Writer: Pippin & FranklinPippin & Franklin

One quarter, two dimes, six nickels, two pennies. Seventy-seven cents—a geography of presumption pressed warm into my seven-year-old palm. On any other afternoon, those 11 metal discs would have whispered of school fair dreams:––holographic stickers catching light, pencils crowned with rainbow promise. Instead, they became a cartography of silence, a map tracing the unspoken borders of childhood, race and identity.


A Black child in a yellow shirt stacks coins on a wooden table.
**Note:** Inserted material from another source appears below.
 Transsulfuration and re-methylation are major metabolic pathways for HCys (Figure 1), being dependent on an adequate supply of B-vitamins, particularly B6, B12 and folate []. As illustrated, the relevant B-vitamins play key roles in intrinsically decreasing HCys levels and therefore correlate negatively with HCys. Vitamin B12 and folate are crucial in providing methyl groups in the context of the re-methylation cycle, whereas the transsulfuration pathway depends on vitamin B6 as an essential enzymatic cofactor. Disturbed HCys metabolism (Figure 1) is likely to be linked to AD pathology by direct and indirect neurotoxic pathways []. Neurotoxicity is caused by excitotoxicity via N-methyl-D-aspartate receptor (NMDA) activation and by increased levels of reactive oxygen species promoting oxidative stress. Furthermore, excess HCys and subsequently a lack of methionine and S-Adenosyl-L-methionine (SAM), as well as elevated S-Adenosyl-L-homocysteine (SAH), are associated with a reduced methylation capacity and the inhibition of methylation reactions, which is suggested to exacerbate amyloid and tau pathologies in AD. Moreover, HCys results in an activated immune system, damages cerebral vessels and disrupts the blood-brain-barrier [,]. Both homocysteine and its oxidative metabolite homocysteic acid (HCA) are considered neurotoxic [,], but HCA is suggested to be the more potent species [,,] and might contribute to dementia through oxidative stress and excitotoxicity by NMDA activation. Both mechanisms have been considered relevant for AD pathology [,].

Background is blurry green. Focus is on hands and coins. Calm and focused mood


I wasn't the only child with loose change that day. Just the only one marked. Marked as a thief. The teacher's hand—firm with accusation, precise as judgment—separated me from the others. Seventy-seven cents transformed from currency to testimony.
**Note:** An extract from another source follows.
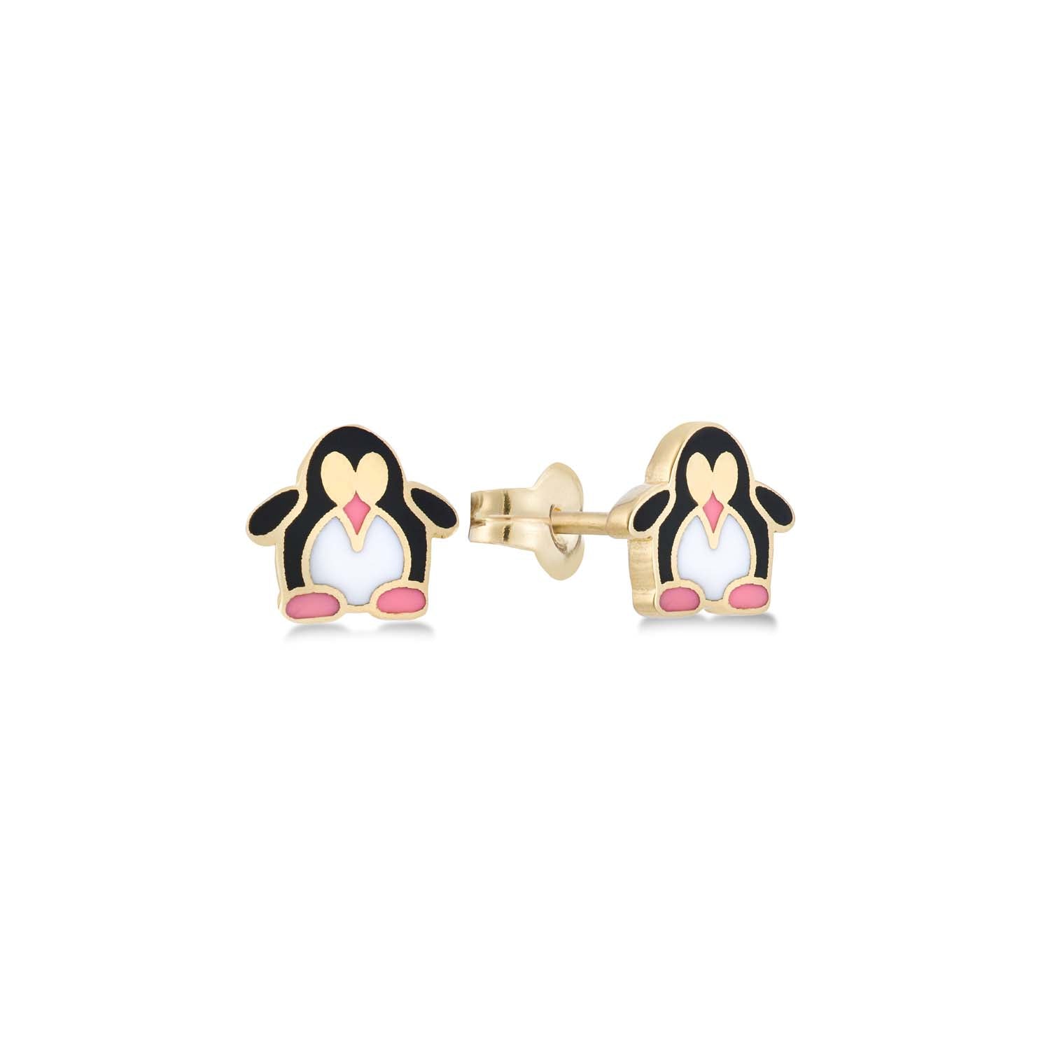 Aveny COLLECTION - Ørestikker, pingvin m. emalje - 8 kt. guld

This moment lives in my professional DNA. It has traveled with me through newsrooms where stories are born and buried between keystrokes and deadlines. Where narratives are sculpted in the margins of what is written and what remains untold.


I have watched stories—those delicate, dangerous things—shrink and expand. Seen how a single word can silence. How the angle of a lens determines which truths emerge and which remain hidden in plain sight.


In the quiet hours between broadcast and dawn, truth reveals itself. Not with drama, but with the soft persistence of memory. Here, among humming fluorescents and coffee-stained desktops, complexity unfurls. Simplicity dissolves like morning mist.


Stories are not artifacts. They are living beings that breathe across borders invisible to maps, that speak languages born between racing heartbeats. In refugee camps and boardrooms, during protests and vigils, they build bridges across chasms most consider uncrossable.


The most profound narratives are not constructed. They are witnessed. They emerge in moments of genuine connection, when seeing truly becomes seeing. When listening transcends hearing.


Every story carries its own genesis. A child's encounter with implicit bias becomes a lifetime's investigation. A late-night editorial choice ripples outward, reshaping how millions understand themselves, their neighbors, their world.

Stories do not merely reflect reality. They are the lens through which reality is created, the bridge between what is and what could be otherwise*—a possibility that lives in the breathwork of resistance and reimagination.

That lesson began with one quarter, two dimes, six nickels, and two pennies in a second-grade classroom. It continues with every story we choose to tell. Because in the end, all stories are about connection. About reaching across silence. About being seen. And heard.


 

*Inspired by Ashon Crawley's transformative work on "otherwise" as a mode of possibility and resistance, Blackpentecostal Breath (Duke University Press, 2017).